Carbs: steady, and trained for the heat
For an effort this long, aim for somewhere around 60 to 90 grams of carbohydrate per hour, and only push the high end if your gut is trained for it. Extreme heat kills your appetite and slows your stomach down, so keep intake steady and easy to swallow instead of forcing big late doses on a sloshing stomach. Mix in real food, cold drinks, and things that go down when nothing sounds good, and practice your exact race-day carb rate on hot long runs so it feels normal, not like an experiment on day two.

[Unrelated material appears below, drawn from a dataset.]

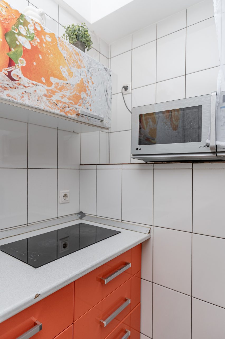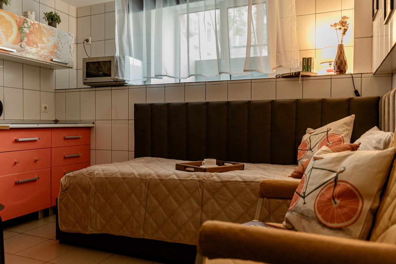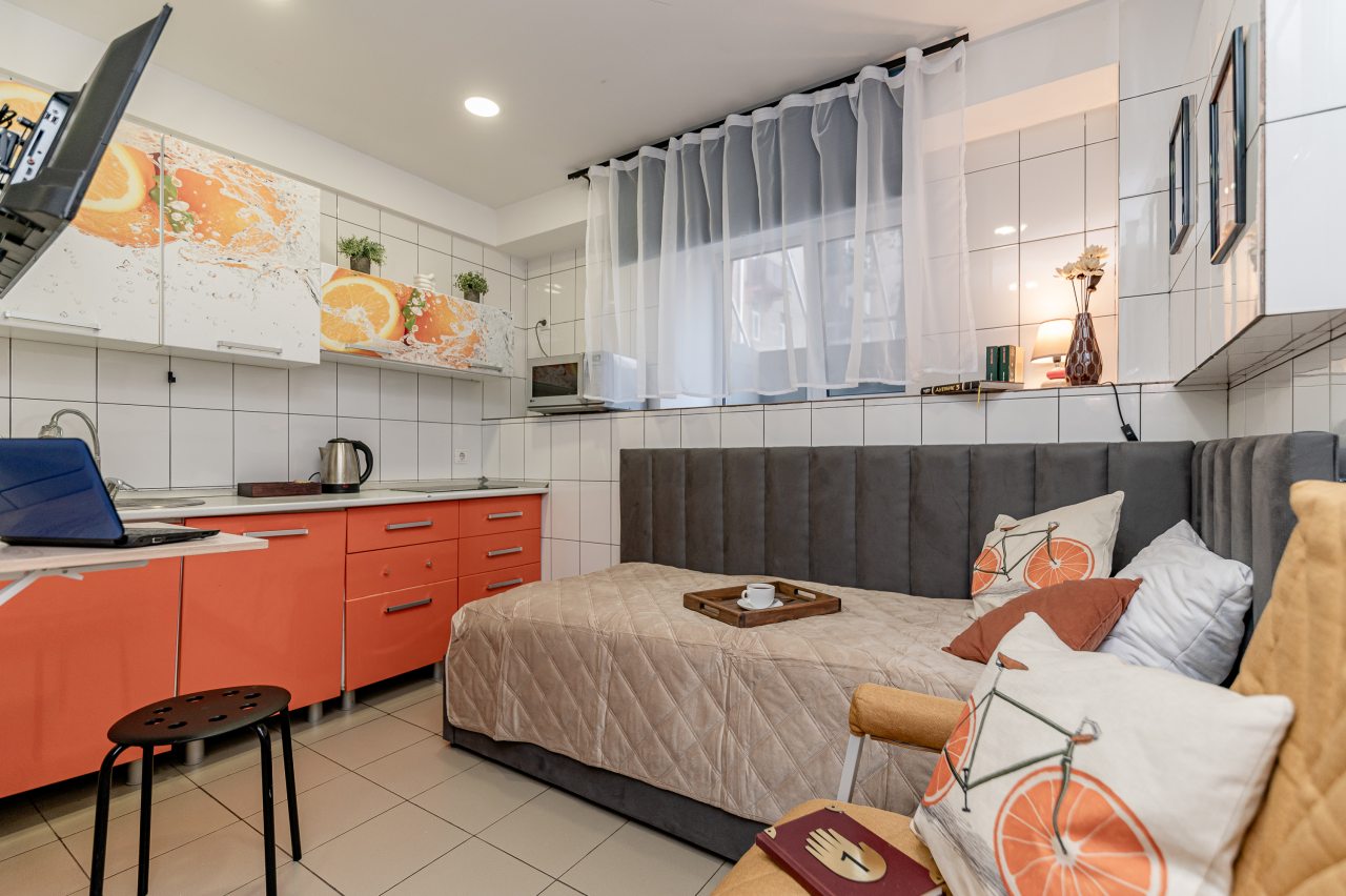 Понравилось, что рядом транспорт - трамваи, электробусы, станиция метро в трех остановках. Много магазинов. Понравилось, что в комнате чисто. Все есть для комфортного проживания. (плита, микроволновка, посуда, уютная ванная комната). В коридорах уютно.

Sodium and fluid: built for the desert
You will sweat enormous amounts in Death Valley, so sodium needs run high, often around 500 to 1,000 milligrams per liter of fluid depending on how salty a sweater you are, and your fluid intake has to keep pace with the heat without overdoing plain water. Cramping, a sloshy gut, nausea, and that hollow wrung-out feeling are usually sodium and fluid problems, not fitness ones. Weigh yourself before and after hot long runs to find your real sweat rate, then build the plan around your own number and have the crew enforce it at every stop.
⏵ Build your fueling plan
Get a carb, sodium, fluid, and caffeine plan per hour built for your weight, your goal time, and the Death Valley heat with the free ultra fueling calculator. Browse the rest of the free running tools at the tools hub.
This guide is independent and for planning only. The course details, dates, wave times, cutoffs, crew rules, and entry requirements come from public sources and can change year to year, so confirm the current specifics with the official Badwater race before you apply or run. The fueling and pacing advice is general and not medical advice, and racing in extreme heat carries real risk.